Bergland artist in spotlight here
Combining the mythological and contemporary, the visions of Bergland artist Tony Sepers are hanging larger than life on the walls of the Fort Frances Museum.
Taking a few moments to speak as he put up his new exhibit this past Friday, Sepers said his work incorporates letters and symbols over landscapes to convey social and political messages.
In one piece, “Marsyas & Apollo,” Sepers recreates the Greek myth of a satyr who found a flute that had been discarded by the matriarch goddess Hera.
“He learned to play it so well that people swooned and wept,” Sepers explained.
“He became an idol and he challenged Apollo [the Greek god of music, healing, light, and truth] to a duel of making music and whoever won could do with the loser whatever one saw fit.
“And, of course, Marsyas lost and Apollo flayed him alive.
“What that story tells us is the cost at being really good at something, and the other lesson is humility,” he remarked.
“I am sure there are other things you can gain from the story that comes into play,” he added.
“It’s an ancient way of dealing with nature itself, the arts and producing art.”
In another painting entitled “Faust,” inspired by German writer Goethe’s play of the same name about a scholar who makes a deal with the devil for power at the cost of his soul, Sepers’ speaks to women’s and men’s issues.
Although its roots tap into the mythic, Sepers’ work definitely is contemporary, with pieces such as “Portrait of Myself with a Son in the Army,” which conveys Sepers conflicted feelings on that matter.
“If it doesn’t relate to contemporary issues, and it doesn’t relate to the people I know and love, what’s the point?” he asked.
Taking a look around the museum gallery, one will notice visual elements linking the works together.
One recurring feature in Sepers’ work, which also has been exhibited in Winnipeg and Atikokan, is a layer of letters—sometimes prominent, sometimes nearly invisible but always present in his works.
For example, the lettering on “Faust,” as well as the painting beside it, “The Wolf at the Door,” are “prayers of protection from oneself—to keep yourself safe from harm and to keep yourself from doing things you shouldn’t ought to,” explained Sepers.
The lettering on “Portrait of Myself with a Son in the Army” is a “prayer for peace,” he noted.
Another prominent motif in Sepers’ art is the figure seen on “Watch for Pedestrians” road signs along highways.
Sepers said this is an emblematic figure, neither male nor female but a full-grown adult figure.
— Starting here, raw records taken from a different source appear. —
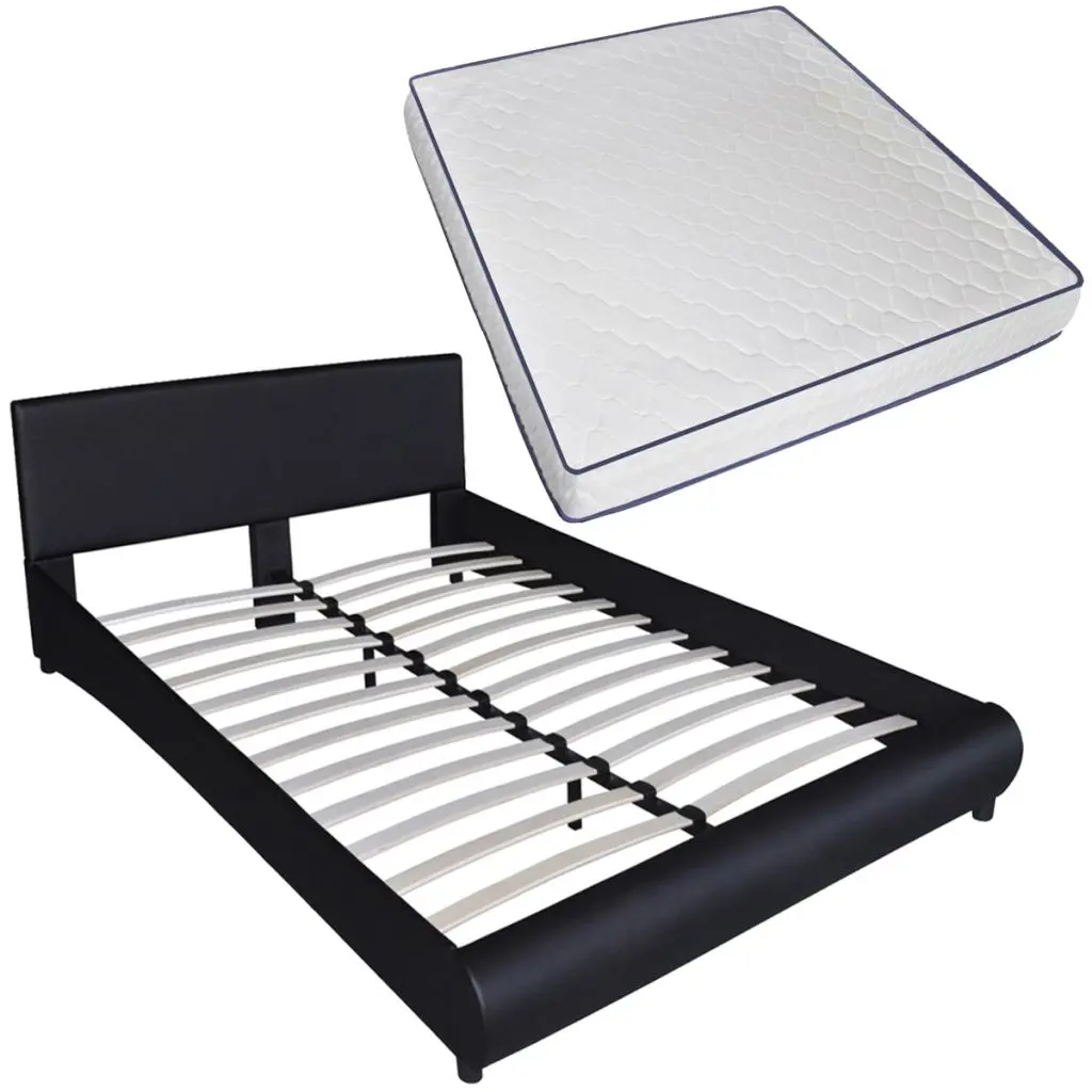 This solidly constructed artificial leather bed with a healthy mattress has a clean, sleek design and will add a contemporary touch to your bedroom. Upholstered in artificial leather with comfortable padding, this bed is designed to infuse your bedroom with comfort as well as style. Thanks to its sturdy wooden slats for extra support, this bed frame is very durable. This suitable mattress, approximately 17 cm thick, is extra-soft and comfortable. The mattress is made up of 5 layers, from top to bottom: a polyester fabric top cover, 2 cm 40 D memory foam, 14 cm 22 D foam, 1 cm 20 D foam and a polyester fabric bottom cover. Thanks to its memory foam, the mattress has an incomparable viscosity and density, and will quickly return to its original shape after use. The mattress automatically distributes your weight and reduces stress on your body’s pressure points. It helps to soothe the pain in the neck, back and joints. Assemble is easy. Please note that for hygienic reasons, the mattress cannot be returned if the packaging has been opened or removed.
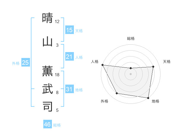 晴山 薫武司さんを姓名の画数から五運を鑑定
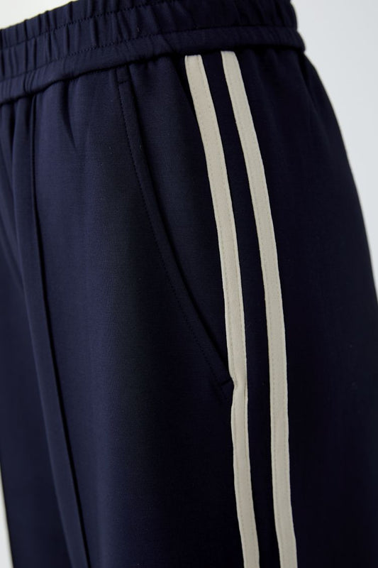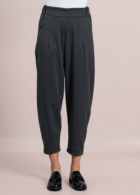 Cotton Barrel Style Cropped Trousers in Beige & Black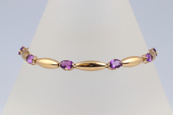 A 14ct yellow gold bracelet set 8 oval cut amethysts, 18cm 4.7 grams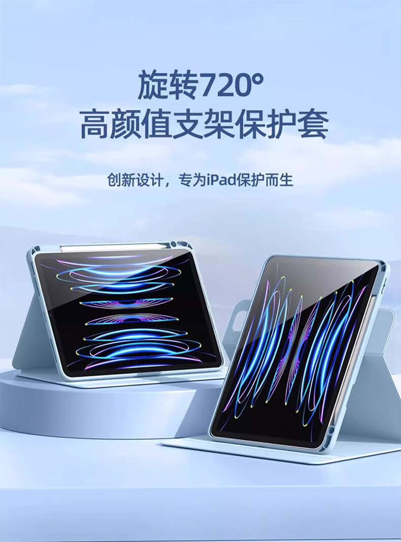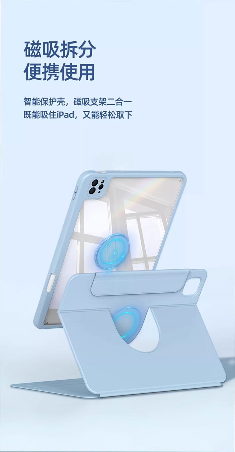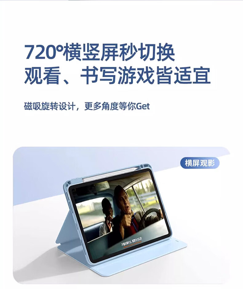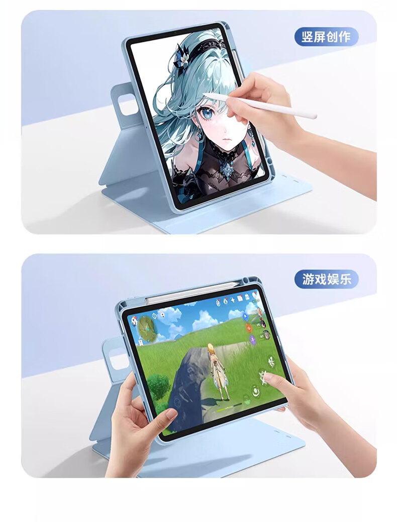 CANHOOGD适用ipad保护套9/8/7/10/11代苹果air8/7/6/5/4/pro11平板保护壳A16磁吸拆分防弯抗摔带笔槽旋转壳 雅致黑【磁吸旋转可拆分】+钢化膜 iPad 11(A16)/10代通用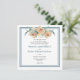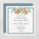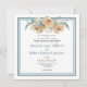 Esta elegante Invitación a la Boda de Verano con Floral acuática está diseñada con un conjunto de flores en tonos crema y taupe con un borde verde azul sobre un fondo blanco. El reverso está decorado con un ramo de flores a juego sobre un fondo verde azul. Para personalizar esta tarjeta, simplemente inserte sus detalles en nuestra plantilla sencilla, reemplazando el texto de ejemplo.

It has an ambling gait and depending on the forward angle, its energy is increased or decreased.
Viewers of his art can search for this figure in all but one of his paintings.
Sepers noted there are other connections between his works, and one good idea leads to another.
For example, the piece “Immortal Beloved,” which depicts a starry night sky, stemmed from “Eve and Adam in Paradise.”
“When I was doing the highway at the bottom [of Eve and Adam in Paradise], the starry night appeared to me as it got denser and stuff was shining through.
It’s not what I wanted for that painting . . . but there it is,” he said, pointing across the gallery to “Immortal Beloved.”
Similarly, Sepers took a liking to a hay bale appearing as a part of larger work, and made a separate painting of that hay bale, which is covered in nearly invisible lettering.
Both works also are on display at the museum.
The exhibit opened this past Saturday and will run through the end of April.
It is supported by a grant from the Ontario Arts Council.
The museum is open Tuesday to Saturday from 11 a.m.-4 p.m.